Growing up, French food was never very prominent on my culinary radar. My experience with cuisine was limited to the occasional high-pressure family visit to one of Miami's starchy French restaurants, and as a result I spent much of my life subscribing to the notion of French food as lofty and inaccessible. But on a weeklong visit not too long ago to Lyon, arguably France's gastronomic capital, everything changed.
After just a few indulgent meals at Lyon's renowned bouchons, I realized to my dismay that at the rate I was going, my meager traveler's budget wouldn't stretch to cover quenelles, gratins, and pink praline tarts for the rest of my trip. I needed to adjust my dining plan, or be forced to wash dishes in the restaurants' kitchens to pay for my return ticket to Italy. So I set out to find the city's best, cheapest fare.
Once I opened my eyes to this other side of Lyonnaise cuisine, I found innumerable, simple pleasures. On Sunday morning, I stumbled upon freshly shucked oysters with sparking white wine served from a stand on the bank of the Saone. Lunch on Monday, eaten on some steps in the Place des Terreaux, was a flaky, custardy quiche and a basket of perfectly ripe currants from an outdoor market. But above all other foods were the delicate crepes to be found at stands and cafes around the city, exquisite, tasty proof that French food could be both more unassuming and more sublime than I had ever realized.

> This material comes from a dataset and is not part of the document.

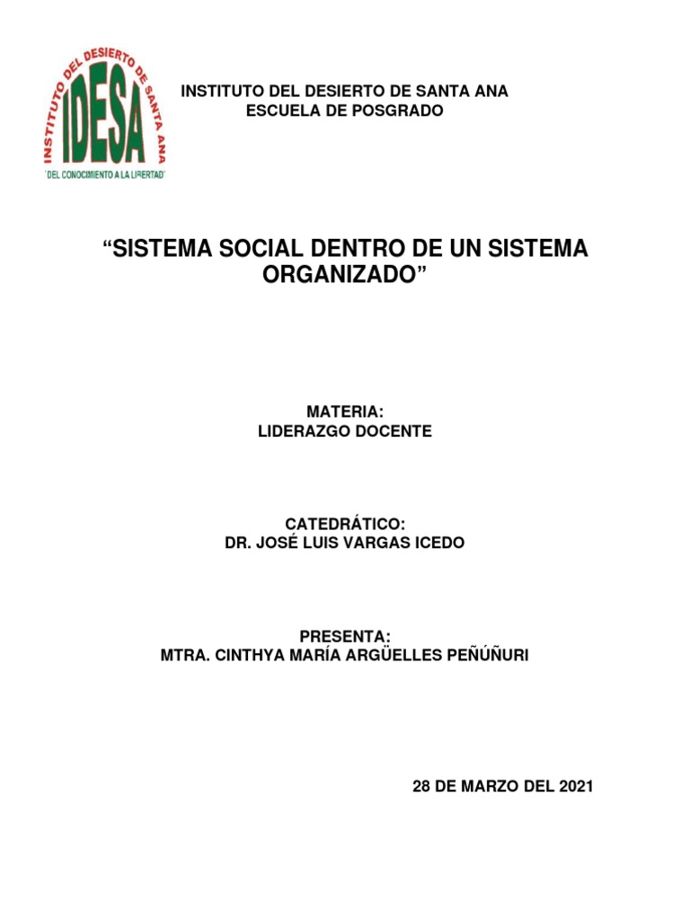 “SISTEMA SOCIAL DENTRO DE UN SISTEMA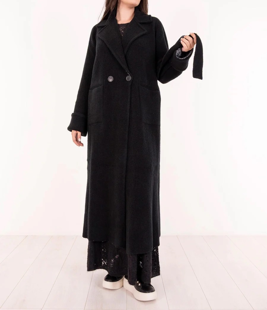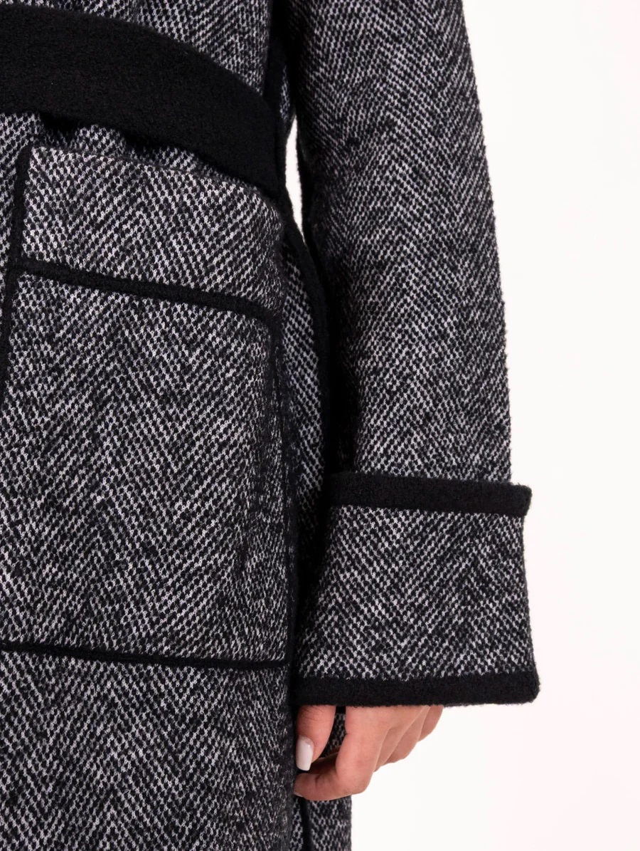 Модель виконана в класичному відтінку з контрастними чорними манжетами та відкладним коміром. Пояс підкреслює талію та додає силуету витонченості. Стильний та універсальний варіант, який ідеально доповнить як діловий, так і повсякденний образ у холодний сезон.

I'm convinced that crepes are the perfect ambassadors for French cuisine. They're relatively simple to prepare, can be filled with an infinity of ingredients, sweet or savory, simple or complex — you can even layer them on top of one another to form a cake, or tear them up to garnish in soup. My favorite variation of all is a simple version, perfect for summer: a sweet, golden crepe folded in four, topped with homemade sour cherry compote, and a sprinkle of castor sugar. Bon appetit a tous!